Among their demands were higher wages to replace their current pay, which was far from a living wage and could not even allow them to afford basic necessities such as housing, health care and food. They also rallied to ameliorate substandard working conditions, a lack of paid sick days, benefits and training opportunities. By spring 2008, the workers had not formed a union, but gained an increase in their wages and a few paid sick days each year. That’s when the organizing drive stopped.

Four years later, the security guards on our campus still face dire working conditions.

The uniforms they are required to wear do not sufficiently insulate them against the rain and cold that persists through Philadelphia throughout much of the academic year. As a result, workers’ immune systems are compromised and many suffer constant illnesses.

Although the previous campaign won them a few days of paid sick leave, these are not sufficient. Many workers force themselves to go to work when they should stay home for fear of losing wages that are badly needed to pay bills. Additionally, the health care packages offered by AlliedBarton are out of reach for most workers.

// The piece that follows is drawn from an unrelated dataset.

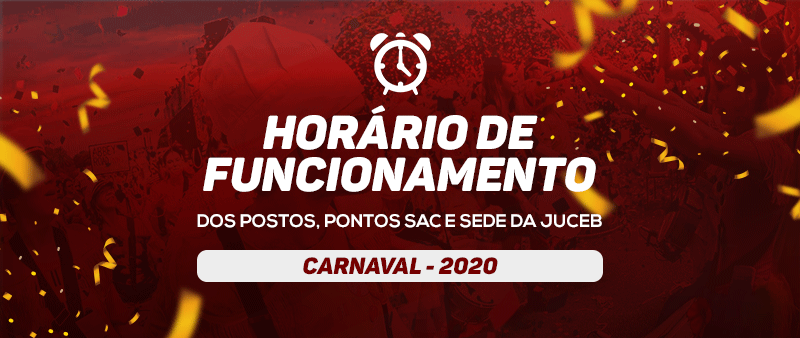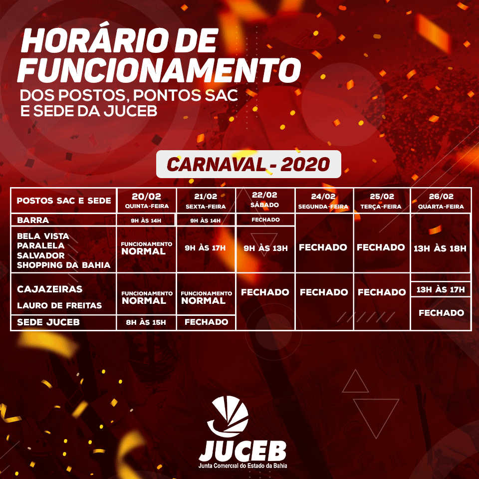 Em decorrência do recesso de Carnaval, segue a programação de funcionamento da Junta Comercial do Estado da Bahia e seus postos nos SACs. Confira abaixo os horários de funcionamento: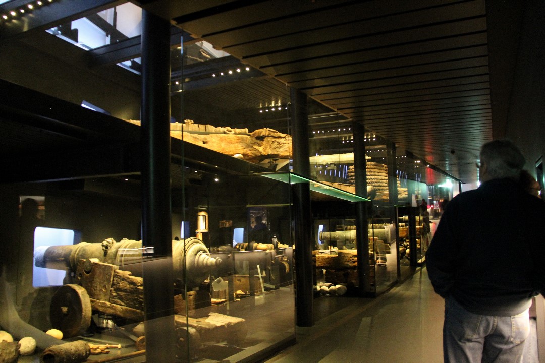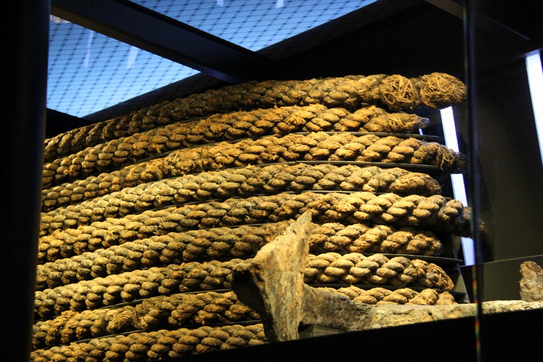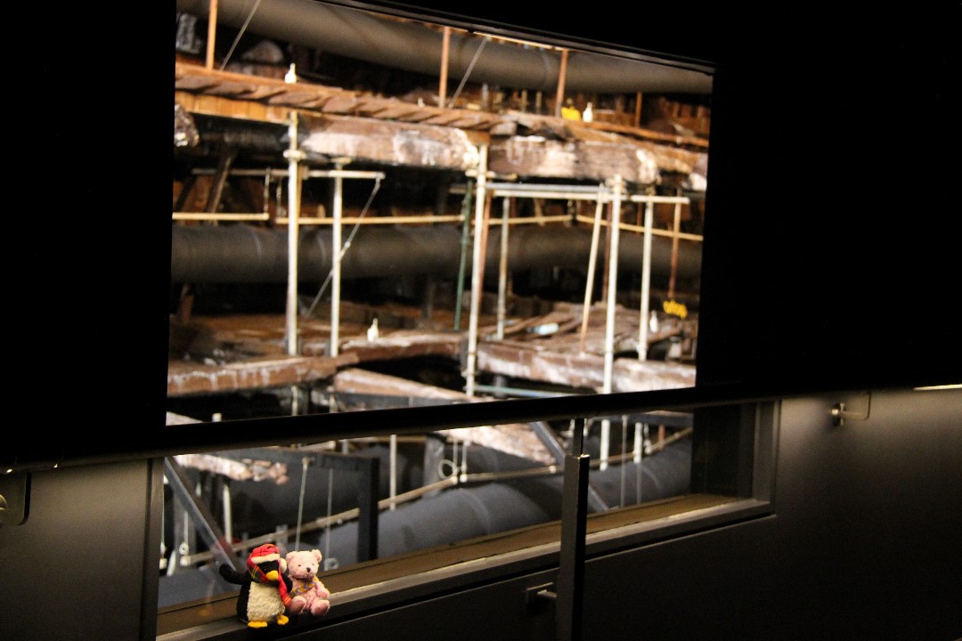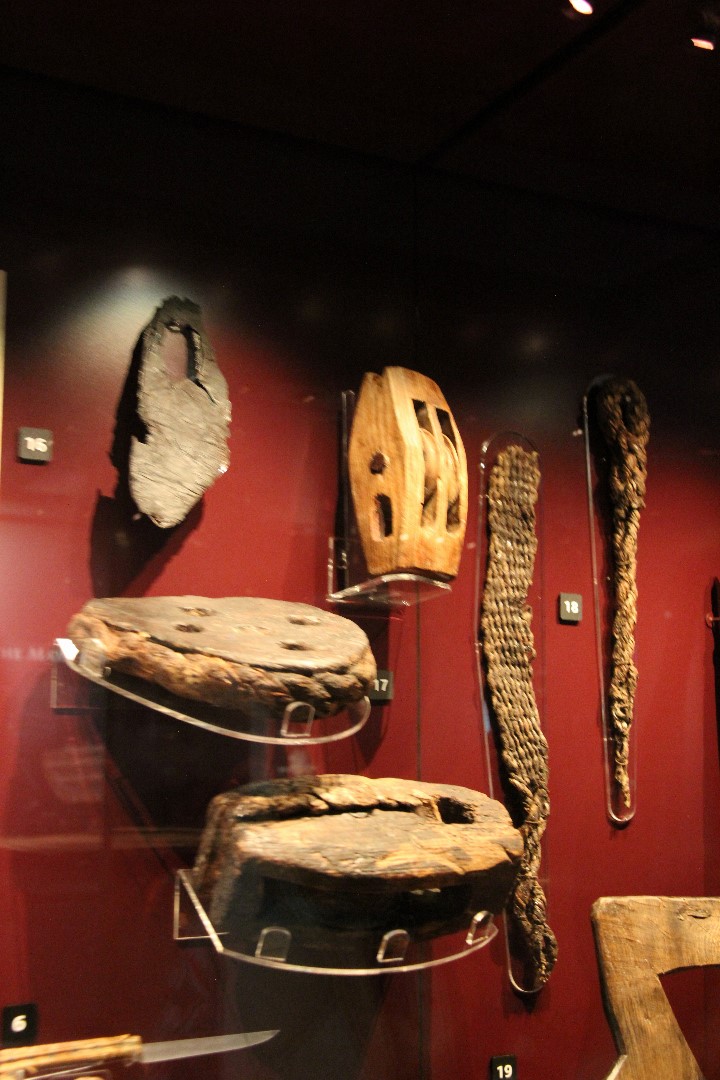 The museum is set out so that the various items recovered are on the same deck level as the actual ship. In time, when the preservation is completed, the dividing wall between the two will be removed and what is left will be an approximation of what was on the ship.

They are often faced with the decision to pay for health coverage and take a second job to pay the bills or forgo insurance altogether. Although these workers are already worn down, AlliedBarton has deemed it unnecessary to schedule more than two workers for the late night shift from 10 p.m. to 6 a.m., leaving only one biking guard available to field calls should either person need to take a break.

To me — and many of the guards — these issues combined with the daily grind not mentioned mean one thing: a lack of respect. These guards are part of our Penn community, people we see every day, whether or not we interact with them. They dedicate their time to ensuring our safety, yet they are forced to endanger their health to do so, while not even receiving adequate compensation.

Though they are employed by AlliedBarton and by not the University, Penn has a responsibility to ensure that those working on campus have sustainable jobs that can enable them to provide for their families without putting them at risk.

Penn boasts its commitment to the Penn Compact, including, “improving local education, healthcare and economic opportunity.”

The University also has a proud legacy of serving as a major employer, a leader in health services and education.

It does not seem that Penn is living up to this commitment through its practices and it is our job as members of this community to hold them accountable. The Penn AlliedBarton Roving Security Guards are holding an election on Wednesday, April 11 to form a union with the Philadelphia Security Guards Union — an independent union born of the efforts to organize a union at the Philadelphia Museum of Art — lead by Jobs with Justice and students from Penn and Temple University.

Support the AlliedBarton Security Guards’ effort to unionize by coming to the rally on Monday at 11:45 a.m. in front of the button and by signing the online petition urging Penn to support their efforts.